Selon les informations recueillies à Kalongue, Bitale et Bunyakiri Bulambika par kinpressactu.cd, ces groupes armés seraient principalement composés de jeunes raiya Mutomboki, souvent intégrés dans les communautés locales. La situation sécuritaire au PNKB est jugée fragile, et l’urgence d’une intervention se fait sentir.

Voici quelques cas répertoriés récents de pillages dans cette partie du sud-kivu :

-Vendredi 10 janvier 2025 entre 14h et 16h, au lieu dit Bilima Mbili, près de Bapadiri et du groupement de Bitale, des hommes armés ont dépouillé plus de 43 motos, une jeep Land Cruiser et un bus de tous leurs biens.
-Lundi 6 janvier 2025: Vers 13h30, à Bugulimiza, des hommes en uniforme ont braqué deux motos ainsi que leurs passagers près de la barrière des FARDC, sans que ces derniers n’interviennent, selon Isaya Benjamin, président de la société civile de Bunyakiri.
D’autres membres de la société civile de Bunyakiri dénoncent l’inaction des gardes-parc face à ces pillages qui se poursuivent depuis juin 2024.
-Mercredi 18 décembre 2024: De 9h à 11h30, sept voleurs armés ont dépouillé plus de 41 motos près de la bifurcation de Kalonge, à seulement 100 mètres des FARDC. Ces événements sont devenus fréquents, enrichissant les malfaiteurs et laissant les victimes sans ressources, souvent soumises à des violences physiques.

La société civile de Bunyakiri condamne ces actes inhumains qui perturbent la vie quotidienne des usagers de cette route.
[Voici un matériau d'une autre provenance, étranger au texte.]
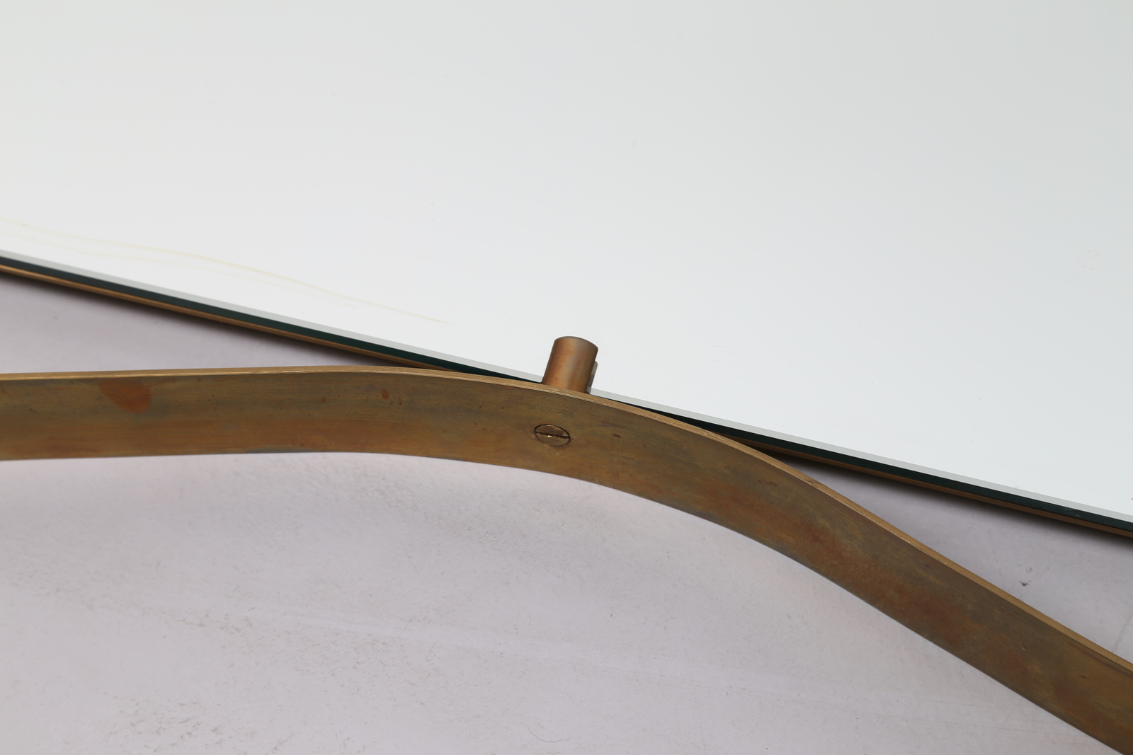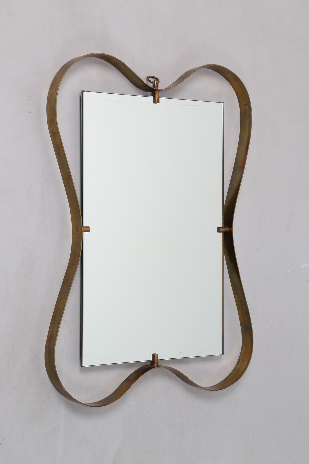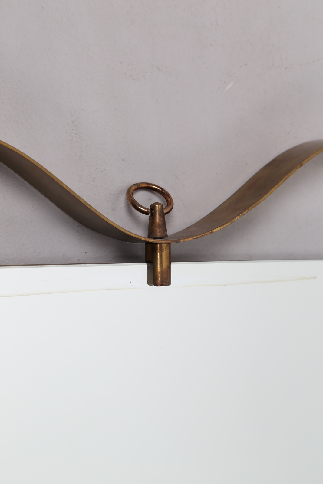 FONTANA ARTE Attrib. Specchio da parete con cornice in ottone, per Fontana arte anni 50. Pubblicazioni; Lastre di Vetro e Cristallo, num. 10, agosto 1950 . . Cm 49,00 x 71,00 x 4,00.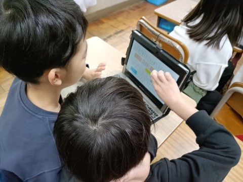 今日の算数は,タブレットを使った「九九神経衰弱」です!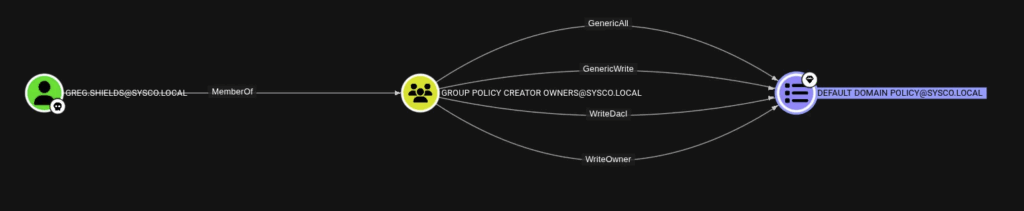 We see that greg.shields is a member of Group Policy Creator Owners, this group has GenericAll over the Default Domain Policy which means we are able to modify this GPO.

Isaya Benjamin appelle le gouvernement congolais à agir pour garantir la sécurité de la population tout en plaidant pour l’instauration de patrouilles mixtes entre les FARDC et les éco-gardes.

Il souligne que cette insécurité freine le développement économique et social de la province. Contactée, l’autorité territoriale de Kalehe s’engage à travailler pour éradiquer cette situation préoccupante.